Work to complete —
Everything from the first line of the data through the line with "世界遺産「石見銀山遺跡とその" is to be echoed exactly, minus the pictures.

Information provided —
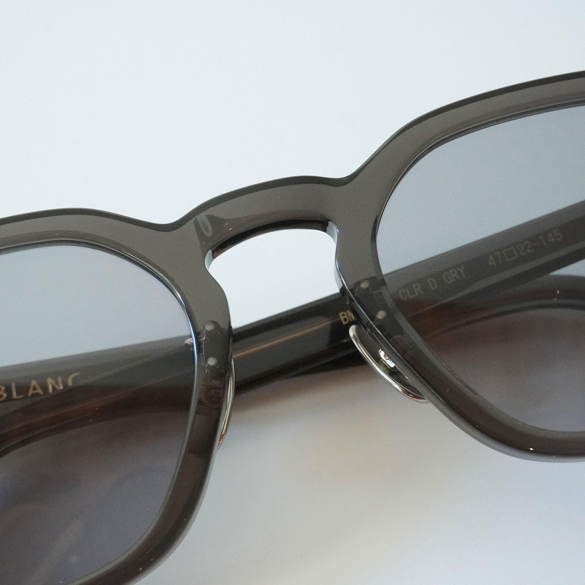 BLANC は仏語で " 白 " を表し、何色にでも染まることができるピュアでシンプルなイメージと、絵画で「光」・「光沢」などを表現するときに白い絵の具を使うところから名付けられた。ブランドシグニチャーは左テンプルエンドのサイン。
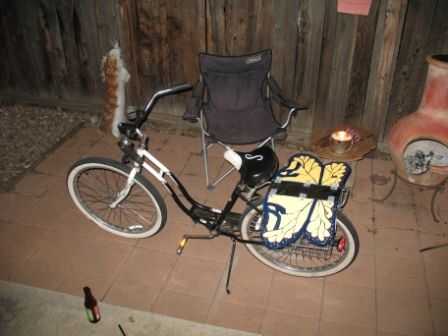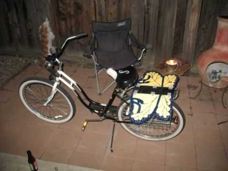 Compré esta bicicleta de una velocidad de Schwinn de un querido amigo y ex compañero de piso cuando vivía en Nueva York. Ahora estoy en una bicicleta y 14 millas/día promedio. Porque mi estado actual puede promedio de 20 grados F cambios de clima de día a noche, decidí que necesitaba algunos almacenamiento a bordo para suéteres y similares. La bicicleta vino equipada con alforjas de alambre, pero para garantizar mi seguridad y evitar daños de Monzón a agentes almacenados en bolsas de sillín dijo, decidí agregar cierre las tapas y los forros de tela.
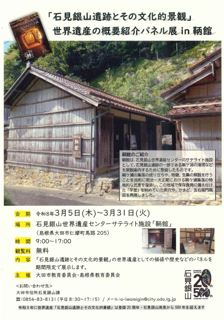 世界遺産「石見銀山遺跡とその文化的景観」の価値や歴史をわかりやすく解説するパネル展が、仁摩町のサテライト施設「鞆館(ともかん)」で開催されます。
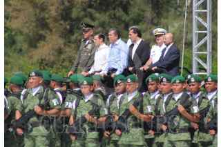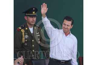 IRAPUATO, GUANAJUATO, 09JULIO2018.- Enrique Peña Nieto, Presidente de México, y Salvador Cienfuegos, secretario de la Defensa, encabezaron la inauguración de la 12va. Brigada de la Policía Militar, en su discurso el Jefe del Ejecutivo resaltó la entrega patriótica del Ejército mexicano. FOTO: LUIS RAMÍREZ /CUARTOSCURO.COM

Expected output —
 BLANC は仏語で " 白 " を表し、何色にでも染まることができるピュアでシンプルなイメージと、絵画で「光」・「光沢」などを表現するときに白い絵の具を使うところから名付けられた。ブランドシグニチャーは左テンプルエンドのサイン。
 Compré esta bicicleta de una velocidad de Schwinn de un querido amigo y ex compañero de piso cuando vivía en Nueva York. Ahora estoy en una bicicleta y 14 millas/día promedio. Porque mi estado actual puede promedio de 20 grados F cambios de clima de día a noche, decidí que necesitaba algunos almacenamiento a bordo para suéteres y similares. La bicicleta vino equipada con alforjas de alambre, pero para garantizar mi seguridad y evitar daños de Monzón a agentes almacenados en bolsas de sillín dijo, decidí agregar cierre las tapas y los forros de tela.
 世界遺産「石見銀山遺跡とその文化的景観」の価値や歴史をわかりやすく解説するパネル展が、仁摩町のサテライト施設「鞆館(ともかん)」で開催されます。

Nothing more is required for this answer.